Online Stores Inc.
- Company type: Private
- Industry: E-commerce
- Founded: January 2001; 25 years ago (as United States Flag Store) Export, Pennsylvania, U.S.
- Founders: Lisa Hickey Kevin Hickey
- Headquarters: New Stanton, Pennsylvania
- Key people: Lisa Hickey, Chairman Kevin Hickey, CEO John Gilkey, Vice President
- Revenue: USD$ 18 million
- Number of employees: 60 in New Stanton, Pennsylvania
- Divisions: United States Flag Store English Tea Store Discount Safety Store Safety Girl Store Construction Gear Store ToySplash Store

= Online Stores =

American e-commerce company

Online Stores, Inc. is an e-commerce company based in New Stanton, Pennsylvania, specializing in retail niche markets that has been in operation since 2001. Its best-selling products are American flags. The privately owned company employs approximately 60 people and includes six stores: United States Flag Store, English Tea Store, Discount Safety Gear Store, Safety Girl Store, ToySplash, Construction Gear Store.

==History==

Online Stores opened its first retail store, United States Flag Store, in January 2001, operating from co-owners Lisa and Kevin Hickey’s basement. In September 2001, high demand for American flags and short supply for both retailers and consumers led Online Stores to begin wholesaling some of its American flags. The store also carries international flags as well as flag accessories. The company also produces resource sites on flag history and information.

In 2003, the company opened the English Tea Store, which imports more than 100 kinds of tea, British food products, and tea-making appliances and accessories. In 2004, the company opened the Discount Safety Gear Store, which sells protective equipment, such as safety harnesses, custom-printed hard hats, eye and ear protection, and first-aid kits.

In 2008, the company acquired the Construction Gear Store, which sells insulated work boots, rugged clothing, tool belts, thermal undergarments, and other items.

The year of 2009 brought 'The Safety Girl Store' which is a site dedicated exclusively to women's safety and personal protection. Items include pepper spray, stun guns, emergency roadside kits, work boots and more.

The newest store, ToySplash, offers water play toys. It was acquired in 2014 and brought to New Stanton from Arizona.
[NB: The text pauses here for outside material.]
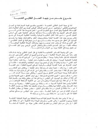 حول وثائق وبيانات حركة الشبيبة الطلابيةفي جامعة بيرزيت - رقم - 3

On February 5, 2026, Online Stores filed for Chapter 11 bankruptcy protection.

==Recognition==

2013:
- Ranked # 398 in Internet Retailer's "Top 500 Guide"

2012:
- Ranked # 22 Pittsburgh Business Times "Largest Pittsburgh-Area Women-Owned Businesses" list.

2011:
- Ranked # 64 Pittsburgh Business Times "100 Fastest Growing Companies" list registering 26.84% growth from 2008–2010

2010:
- Ranked # 2,1822 on Inc. 5000 "Fastest Growing Private Companies in America" list registering 80% growth between 2006–2009
- Ranked # 64 Pittsburgh Business Times "100 Fastest Growing Companies" list registering 37.47% growth from 2007–2009

2009:
- Ranked # 2,186 on Inc. 5000 "Fastest Growing Private Companies in America" list registering 144% growth between 2005–2008
- Ranked # 73 Pittsburgh Business Times "100 Fastest Growing Companies" list registering 59.56% growth from 2006–2008

2008:
- Ranked # 85 on Inc.com "Top 100 Retail Companies" list
- Ranked # 2,074 on Inc. 5000 "Fastest Growing Private Companies in America" list registering 178.2% growth between 2004–2007
- Named to Pittsburgh Business Times "100 Fastest Growing Companies" list registering 24% growth from 2007

2007:
- Ranked # 368 in Internet Retailer's "Top 500 Guide"
- Ranked # 2 in the Retail/Wholesale Distribution category and # 41 overall on the Pittsburgh Business Times "Fastest Growing Retail Companies" list

2006:
- Ranked # 2 in overall employment growth and # 19 overall on Pittsburgh Business Times "Fastest Growing Retail Companies" lists
- Ranked # 378 in Internet Retailer’s "Top 500 Guide"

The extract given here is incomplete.